§ YOUR INSTRUCTIONS: Copy the records below word for word, from the first line through the line that contains "QQQ Trust ETF(QQQ.US)的股票覆盖范围,该ETF产品追踪纳斯达克100指数。", and leave out any pictures.

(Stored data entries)
*** Block opens ***
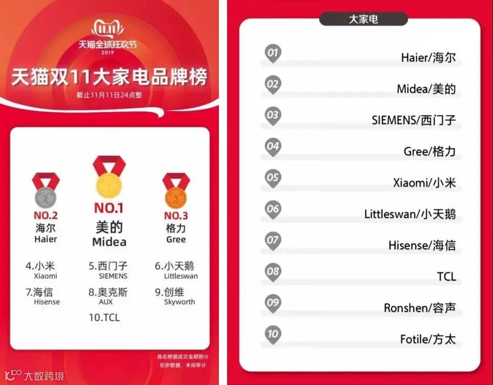 从以上部分榜单中可以看到,知名品牌的销量依旧强势,前十位上榜品牌几乎无变动,只是排名发生了变化。
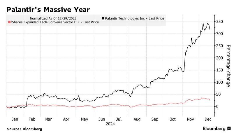 2024年,该公司的股价大幅上涨了332%,市值从年初的370亿美元飙升至当前的近1700亿美元。下周,该科技股将正式加入纳斯达克100指数。意味着将使“AI超级大牛股”Palantir正式进入在全球投资热度颇高的Invesco QQQ Trust ETF(QQQ.US)的股票覆盖范围,该ETF产品追踪纳斯达克100指数。
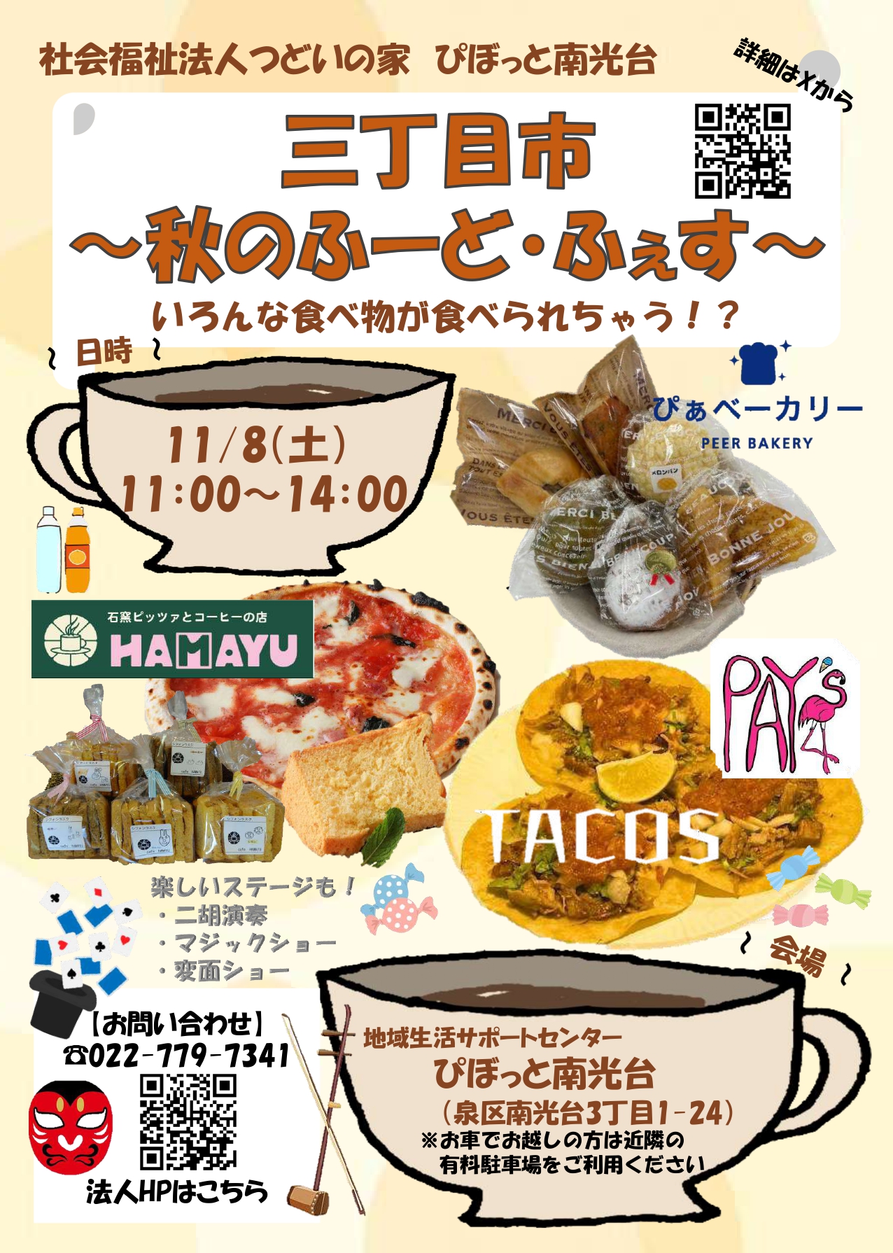 昨年度ご好評をいただいた「三丁目市~秋のぱん・ふぇす~」に続き、今年度も地域の方々との交流イベントを開催いたします。パンや焼き菓子、タコスなどの食品販売や、マジックショー、変面ショー、二胡演奏などのプログラム、駄菓子すくい等、楽しい催しものをご用意いたしております。お子さまのご来場も大歓迎です! 購入したものを食べながら談笑したり、パフォーマンスを鑑賞しながら、食欲の秋、芸術の秋を楽しみましょう(*^-^*)みなさまのご来場をお待ちしております!
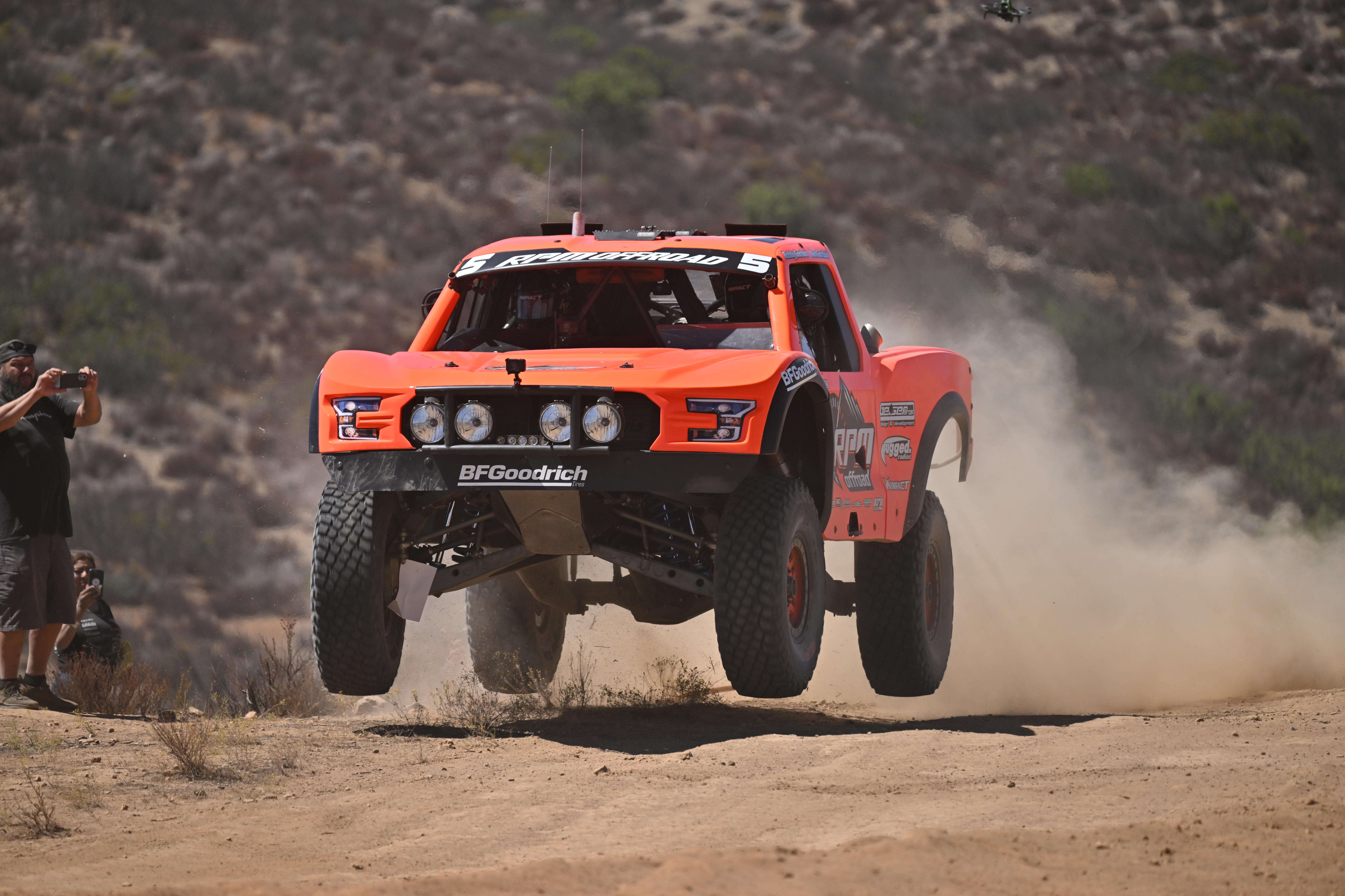 La carrera se sintió bien. Pasé una pequeña curva por un arroyo. Pero aparte de eso, intento mantener la calma. Eso es lo que realmente intento hacer siempre: tomarme mi tiempo, asegurarme de que tengamos una buena carrera. Así que no sé. Ya veremos. O sea, me siento bastante bien. Pero sé que hay muchos pilotos rápidos por ahí. Justin Davis, Jason McNeil, Ryan Millen. O sea, estos pilotos no son ninguna broma, son una gran competencia para nosotros. Es un honor competir contra ellos y un gran privilegio tener la oportunidad de conducir este truck. La familia Olliges es dueña del truck y siempre se han portado de maravilla conmigo, permitiéndome correr con ellos. Así que un enorme agradecimiento a Steve y Jack Olliges y a toda la familia Olliges, al equipo Ford. Gente increíble, no estaríamos aquí sin ellos. Este truck es rápido. Es una One Nine Industry completamente nueva. El equipo Terrible Herbst hizo un trabajo increíble. Esta camioneta es tan deportiva y rápida. No tengo ninguna queja. Partiré y haré toda la carrera. Conduciré todo el vehículo.
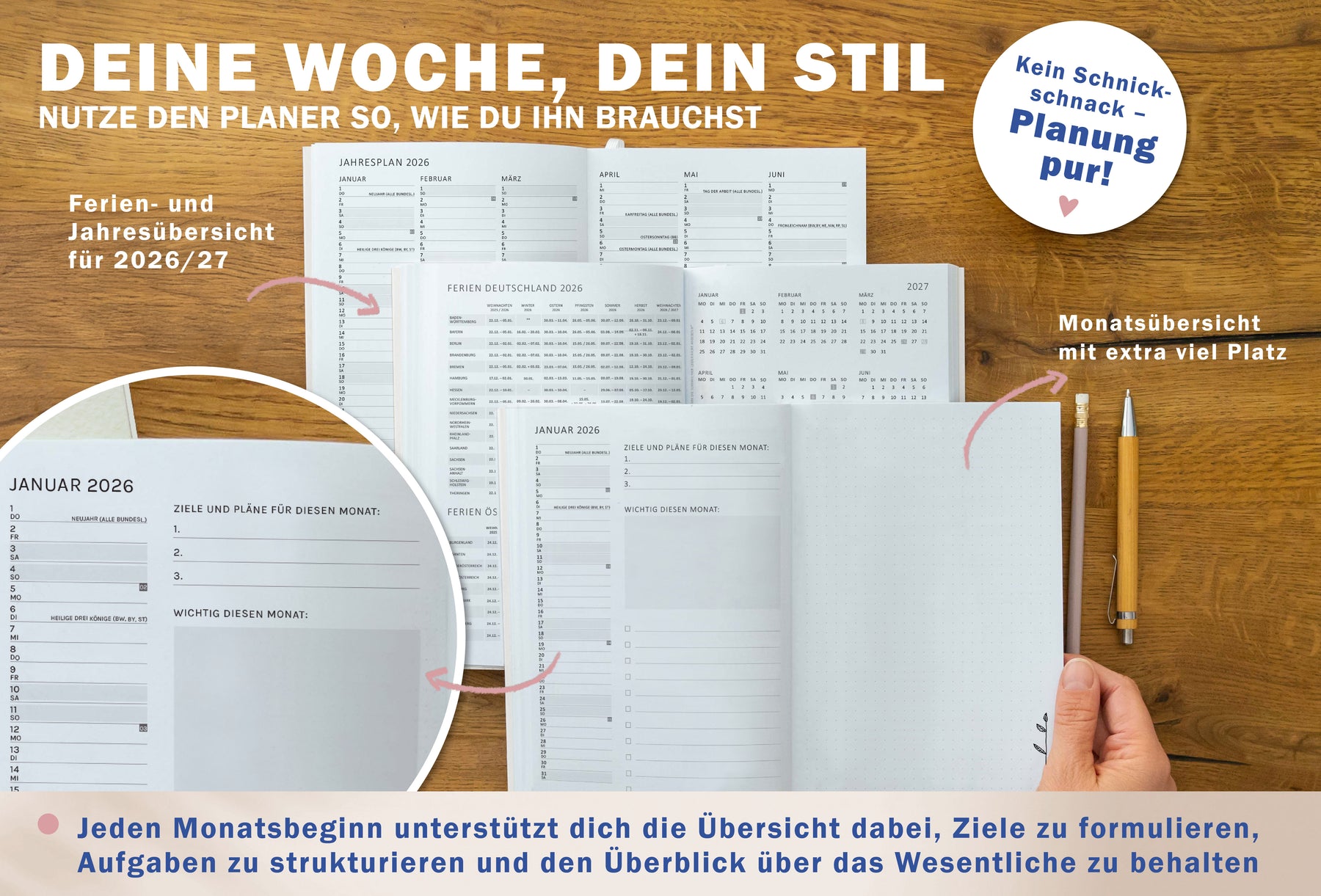LANGFRISTIG DURCHDACHT: Behalte wichtige Termine und Fristen im Blick mit 4 Seiten Jahresübersicht 2026, Jahresplan 2027 und 12 Monatsübersichten inkl. Ferien & Feiertage (für Deutschland & Österreich).
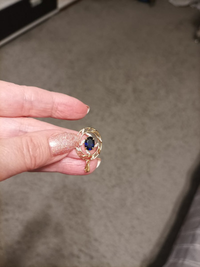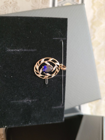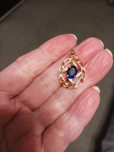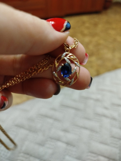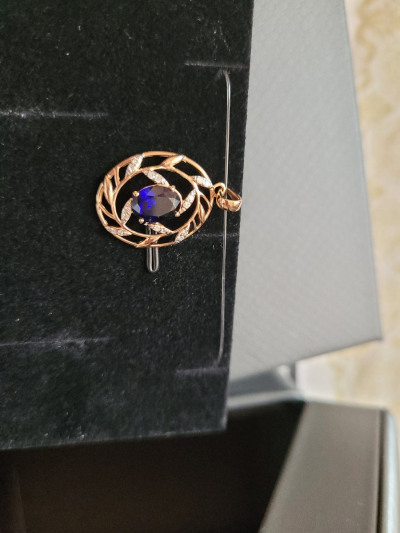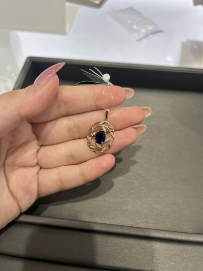 Шикарная подвеска с сапфиром и бриллиантами. Не маленькая. Брала к серьгам и кольцу. Покупкой очень довольна больше спасибо.
*** Block closes ***
§ SOLVED EXERCISE:
 从以上部分榜单中可以看到,知名品牌的销量依旧强势,前十位上榜品牌几乎无变动,只是排名发生了变化。
 2024年,该公司的股价大幅上涨了332%,市值从年初的370亿美元飙升至当前的近1700亿美元。下周,该科技股将正式加入纳斯达克100指数。意味着将使“AI超级大牛股”Palantir正式进入在全球投资热度颇高的Invesco QQQ Trust ETF(QQQ.US)的股票覆盖范围,该ETF产品追踪纳斯达克100指数。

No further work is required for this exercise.